== Supplied information ==
*** Block opens ***

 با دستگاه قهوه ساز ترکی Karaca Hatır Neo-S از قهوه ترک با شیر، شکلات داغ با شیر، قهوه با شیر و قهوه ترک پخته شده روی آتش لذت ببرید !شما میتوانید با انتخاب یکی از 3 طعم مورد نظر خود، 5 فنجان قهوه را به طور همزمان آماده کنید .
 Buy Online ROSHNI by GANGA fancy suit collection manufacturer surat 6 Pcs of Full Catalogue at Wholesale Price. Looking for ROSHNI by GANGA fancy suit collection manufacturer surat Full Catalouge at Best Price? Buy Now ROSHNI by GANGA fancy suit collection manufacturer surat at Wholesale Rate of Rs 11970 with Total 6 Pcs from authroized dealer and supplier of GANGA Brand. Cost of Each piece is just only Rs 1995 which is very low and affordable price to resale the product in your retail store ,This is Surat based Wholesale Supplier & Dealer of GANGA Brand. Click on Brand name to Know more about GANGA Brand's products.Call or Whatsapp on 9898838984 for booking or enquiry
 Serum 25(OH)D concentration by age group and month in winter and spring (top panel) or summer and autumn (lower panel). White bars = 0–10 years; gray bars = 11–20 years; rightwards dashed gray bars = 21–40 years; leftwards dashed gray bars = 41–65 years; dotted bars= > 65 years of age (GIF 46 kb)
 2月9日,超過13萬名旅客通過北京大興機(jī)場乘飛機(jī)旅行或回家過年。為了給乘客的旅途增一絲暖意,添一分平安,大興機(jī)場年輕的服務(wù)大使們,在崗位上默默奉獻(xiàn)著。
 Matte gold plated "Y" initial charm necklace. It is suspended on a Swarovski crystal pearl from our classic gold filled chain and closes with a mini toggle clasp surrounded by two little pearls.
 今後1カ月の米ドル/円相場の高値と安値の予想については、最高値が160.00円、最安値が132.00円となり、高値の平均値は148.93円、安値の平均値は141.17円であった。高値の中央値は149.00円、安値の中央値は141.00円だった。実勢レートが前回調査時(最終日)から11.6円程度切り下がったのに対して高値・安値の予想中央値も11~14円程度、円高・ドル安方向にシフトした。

*** Block closes ***
*** Block opens ***

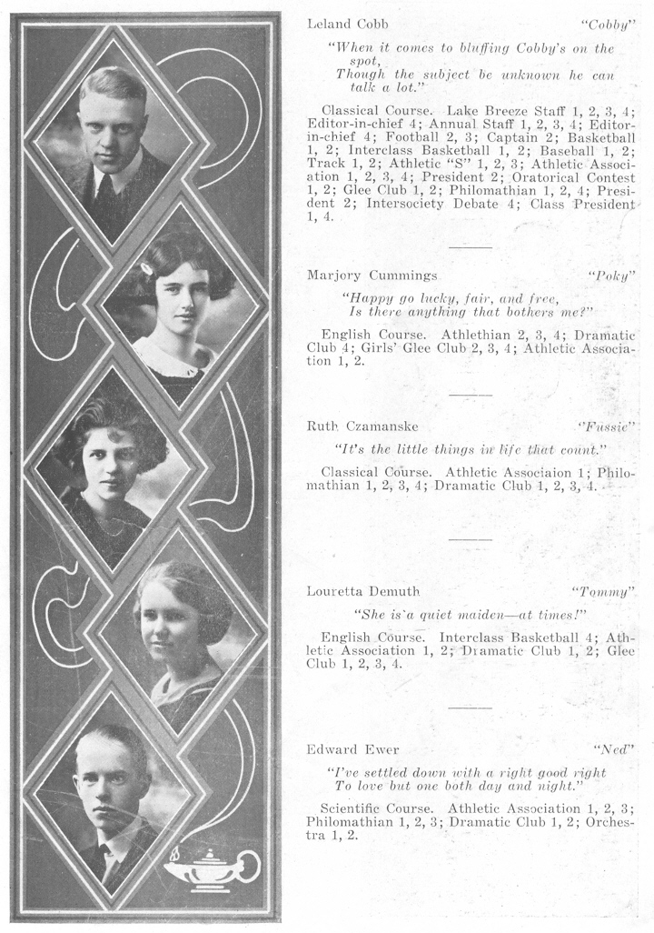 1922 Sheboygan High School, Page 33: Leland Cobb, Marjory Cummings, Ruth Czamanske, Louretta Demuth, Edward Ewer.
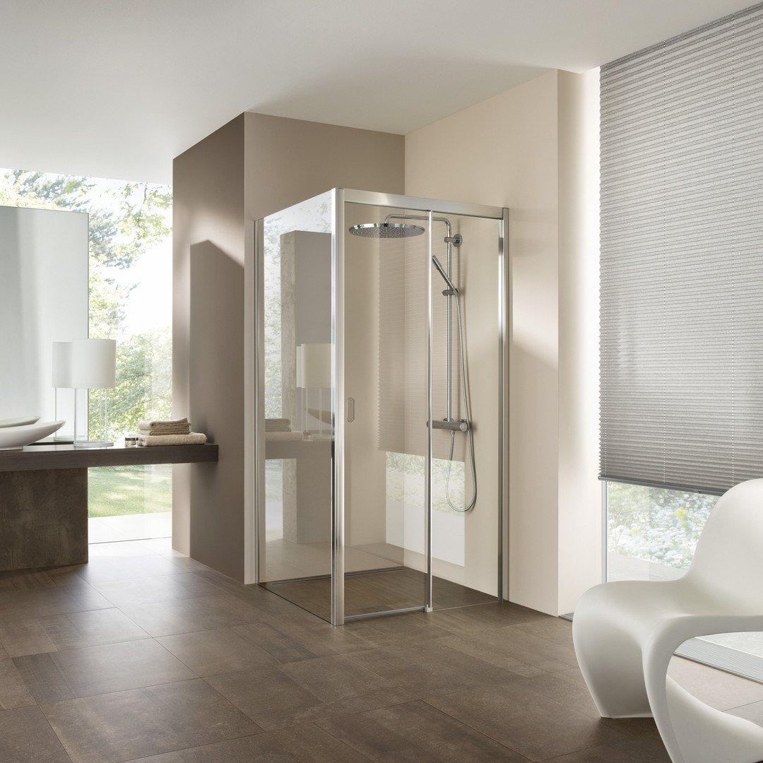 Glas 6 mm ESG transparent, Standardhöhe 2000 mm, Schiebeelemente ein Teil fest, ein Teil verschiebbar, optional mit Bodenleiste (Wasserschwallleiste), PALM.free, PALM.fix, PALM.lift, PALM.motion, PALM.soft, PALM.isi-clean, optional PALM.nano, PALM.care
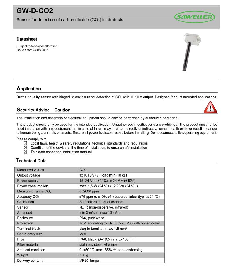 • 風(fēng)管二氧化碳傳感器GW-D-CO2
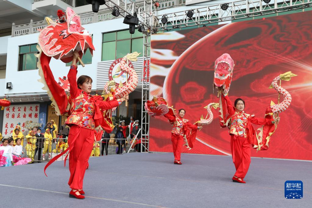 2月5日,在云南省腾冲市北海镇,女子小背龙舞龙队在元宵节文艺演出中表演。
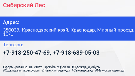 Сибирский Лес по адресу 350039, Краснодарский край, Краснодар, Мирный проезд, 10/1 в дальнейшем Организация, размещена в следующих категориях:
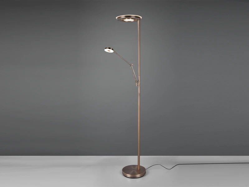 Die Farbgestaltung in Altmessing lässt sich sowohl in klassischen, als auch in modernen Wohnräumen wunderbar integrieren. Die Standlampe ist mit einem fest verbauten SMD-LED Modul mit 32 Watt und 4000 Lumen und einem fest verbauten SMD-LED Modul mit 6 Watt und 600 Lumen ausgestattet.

*** Block closes ***
*** Block opens ***

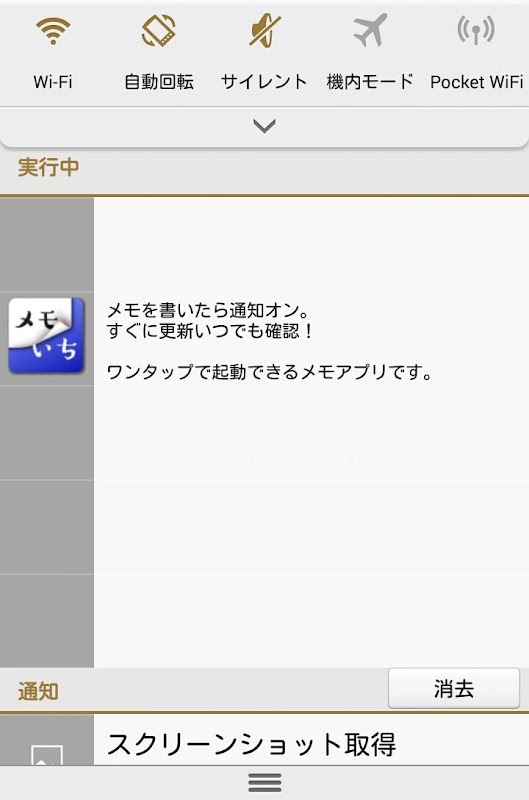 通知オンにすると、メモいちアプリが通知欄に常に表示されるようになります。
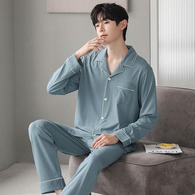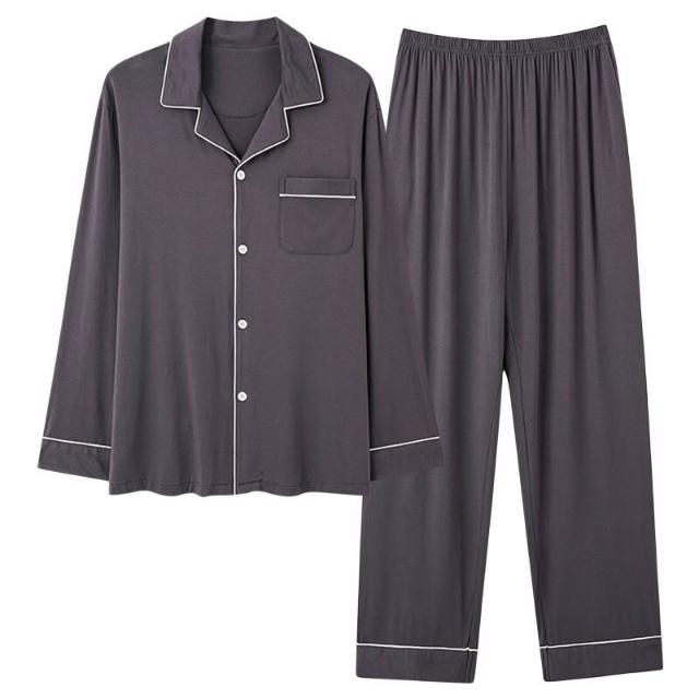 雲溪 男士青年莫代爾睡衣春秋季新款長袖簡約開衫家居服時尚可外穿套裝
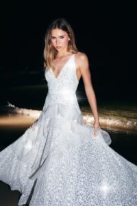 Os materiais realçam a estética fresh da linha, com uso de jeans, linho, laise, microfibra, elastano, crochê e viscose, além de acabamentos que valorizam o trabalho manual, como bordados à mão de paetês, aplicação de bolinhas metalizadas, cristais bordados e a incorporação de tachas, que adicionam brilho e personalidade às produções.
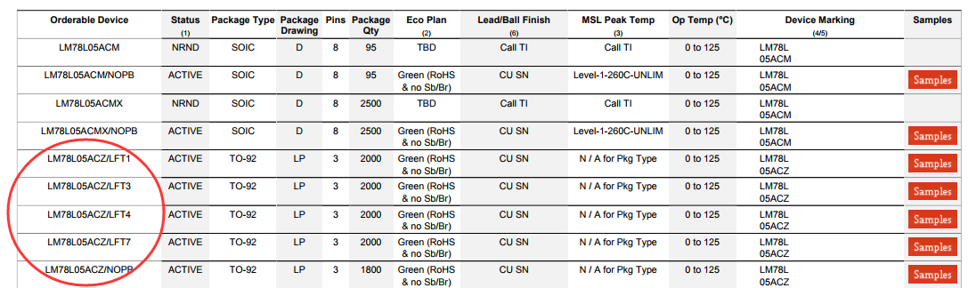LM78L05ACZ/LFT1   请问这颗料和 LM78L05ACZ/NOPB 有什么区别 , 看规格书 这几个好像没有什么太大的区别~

*** Block closes ***

== Directions ==
With the first line being the one containing "با دستگاه قهوه" and the last line the one containing "今後1カ月の米ドル/円相場の", transcribe exactly the lines above that fall in that range.

== Output for this task ==
 با دستگاه قهوه ساز ترکی Karaca Hatır Neo-S از قهوه ترک با شیر، شکلات داغ با شیر، قهوه با شیر و قهوه ترک پخته شده روی آتش لذت ببرید !شما میتوانید با انتخاب یکی از 3 طعم مورد نظر خود، 5 فنجان قهوه را به طور همزمان آماده کنید .
 Buy Online ROSHNI by GANGA fancy suit collection manufacturer surat 6 Pcs of Full Catalogue at Wholesale Price. Looking for ROSHNI by GANGA fancy suit collection manufacturer surat Full Catalouge at Best Price? Buy Now ROSHNI by GANGA fancy suit collection manufacturer surat at Wholesale Rate of Rs 11970 with Total 6 Pcs from authroized dealer and supplier of GANGA Brand. Cost of Each piece is just only Rs 1995 which is very low and affordable price to resale the product in your retail store ,This is Surat based Wholesale Supplier & Dealer of GANGA Brand. Click on Brand name to Know more about GANGA Brand's products.Call or Whatsapp on 9898838984 for booking or enquiry
 Serum 25(OH)D concentration by age group and month in winter and spring (top panel) or summer and autumn (lower panel). White bars = 0–10 years; gray bars = 11–20 years; rightwards dashed gray bars = 21–40 years; leftwards dashed gray bars = 41–65 years; dotted bars= > 65 years of age (GIF 46 kb)
 2月9日,超過13萬名旅客通過北京大興機(jī)場乘飛機(jī)旅行或回家過年。為了給乘客的旅途增一絲暖意,添一分平安,大興機(jī)場年輕的服務(wù)大使們,在崗位上默默奉獻(xiàn)著。
 Matte gold plated "Y" initial charm necklace. It is suspended on a Swarovski crystal pearl from our classic gold filled chain and closes with a mini toggle clasp surrounded by two little pearls.
 今後1カ月の米ドル/円相場の高値と安値の予想については、最高値が160.00円、最安値が132.00円となり、高値の平均値は148.93円、安値の平均値は141.17円であった。高値の中央値は149.00円、安値の中央値は141.00円だった。実勢レートが前回調査時(最終日)から11.6円程度切り下がったのに対して高値・安値の予想中央値も11~14円程度、円高・ドル安方向にシフトした。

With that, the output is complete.